# Existence and Uniqueness Theorem

1. Feb 2, 2014

### Bashyboy

Hello Everyone.

I have a question. Suppose I have a differential equation for which I want to find the values at which $\displaystyle f(x,y)$ and $\displaystyle \frac{\partial f}{\partial y}$ are discontinuous, that I might know the points at which more than one solution exists. Suppose that $\displaystyle y_1$ is such a value. Now suppose we want to find a unique solution at $\displaystyle (x_0, y_0)$, and that it exists. My question is, can the region that encloses $\displaystyle (x_0,y_0)$ also include $\displaystyle y_1$?

Last edited: Feb 2, 2014
2. Jul 26, 2014

### crossfire234

Hi bashyboy,

Statement of the Existence and Uniqueness Theorem:

If $f(x,y)$ and $f_y(x,y)$ are continuous in a rectangle $R: |t|<= a, |y| <= b$, then there is some interval $|t| <= h <= a$ in which there exists a unique solution $y = \phi(t)$ of the initial value problem.

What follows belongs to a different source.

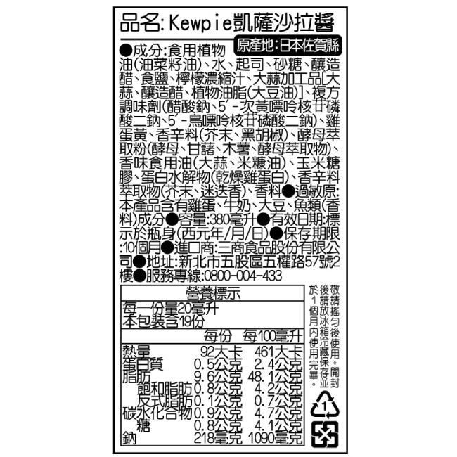 【Kewpie】凱薩沙拉醬 (380ml)【Kewpie】凱薩沙拉醬 (380ml)Seasonings & CondimentsPGI名廚美饌官方網路商店
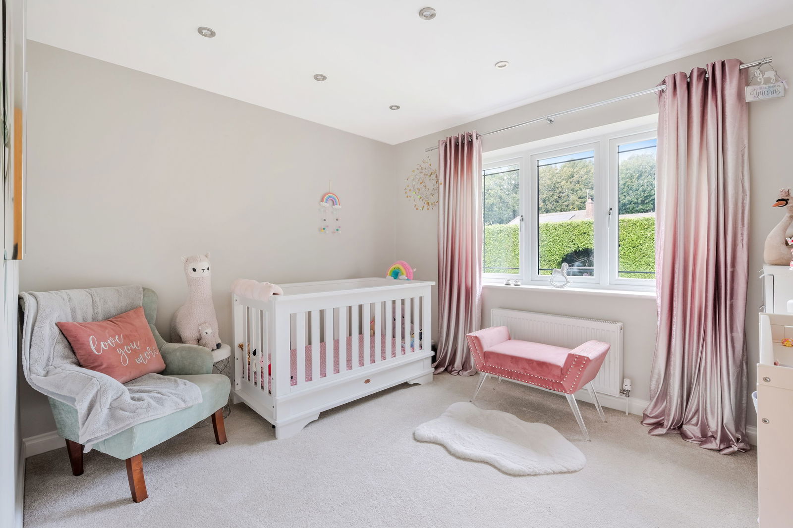 At the heart of the home sits the stunning open-plan kitchen and dining area. Featuring bespoke cabinetry, top-of-the-range NEFF appliances, and an impressive central island, it’s the perfect space for gathering with family and friends. A separate utility room adds practicality, while the spacious dining area overlooks the garden.

I find the wording of your question a bit confusing, so I'm coming in with the assumption that you're trying to find out if $y_1$ is the value at which the function and/or its y partial are discontinuous if it can exist in the rectangle $R$. If this assumption is correct then maybe I am the confusing one!

I'm also assuming here that you have created a line $y_1$ where the function and/or its derivative are continuous. Line, point, whatever :P

So if the function and its y partial are discontinuous at that point $y_1$, then it does not satisfy the first condition of the theorem where it must be continuous in that rectangle. Therefore your points $(x_0,y_0)$ and your line $y_1$ cannot live in the same rectangle. Bad blood bro.

I hope this is what you were looking for!